Created 09-07-2017 03:12 PM
Hello,
Is it possible to compare the attributes of two different flowfiles and only pass one if the comparisson results matched?
Thank you,
Jon
Created 09-12-2017 12:45 PM
Are you trying to see if all attributes from both FlowFiles match exactly or is their a specific attribute from each FlowFile you want to compare?
My initial thought would be to use the DetectDuplicate processor.
You could write the unique attribute to the DistributedMapCache service.
Then compare new FlowFiles against that stored value and deleted any duplicates.
That way only the first FlowFile would get passed on.
Thanks,
Matt
Created 09-12-2017 12:28 PM
Have you checked out NiFi's RouteOnAttribute processor? It can compare the attributes of incoming flowfiles and handle accordingly based on the routing strategy you select.
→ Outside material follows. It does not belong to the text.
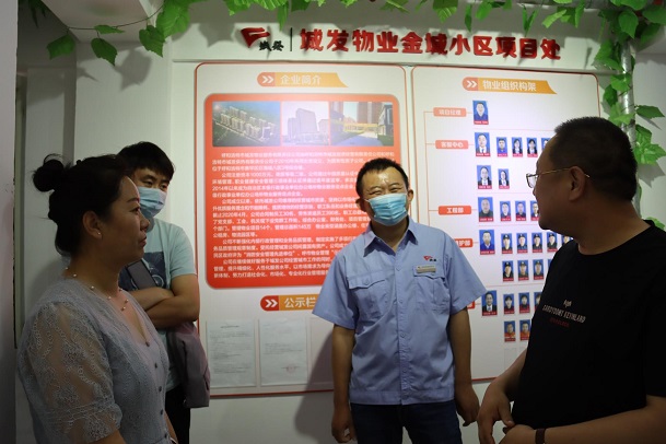 在參觀金城小區標準化物業建設時,高翔高度贊揚了物業公司黨建工作的制度性和規范性。并指出,紅色物業始終以黨建為引領,彰顯紅的特色,體現的成效,以服務群眾為重點,著力解決社區居民存在的實際問題,提升物業管理服務水平,發揮國有企業的示范引領作用,推進黨的工作向行業延伸、向領域覆蓋和向社會輻射,深化雙報到雙服務建設幸福和諧社區,共同為創建宜居、平安、人文、智慧的幸福和諧社區提供堅強有力的保障。

Created 09-12-2017 12:49 PM
Yes, I've tried to use RouteOnAttribute but the thing is that I want to compare two different flowfiles attributes... and as far as I understand, RouteOnAttribute doesn't allow this kind of comparison... tell me if I'm wrong!
Created 09-12-2017 12:53 PM
Ah, I overlooked the "only pass one" goal in the original question. As @Matt Clarke mentioned, looks like DetectDuplicate might help with that part.
Created 09-12-2017 12:45 PM
Are you trying to see if all attributes from both FlowFiles match exactly or is their a specific attribute from each FlowFile you want to compare?
My initial thought would be to use the DetectDuplicate processor.
You could write the unique attribute to the DistributedMapCache service.
Then compare new FlowFiles against that stored value and deleted any duplicates.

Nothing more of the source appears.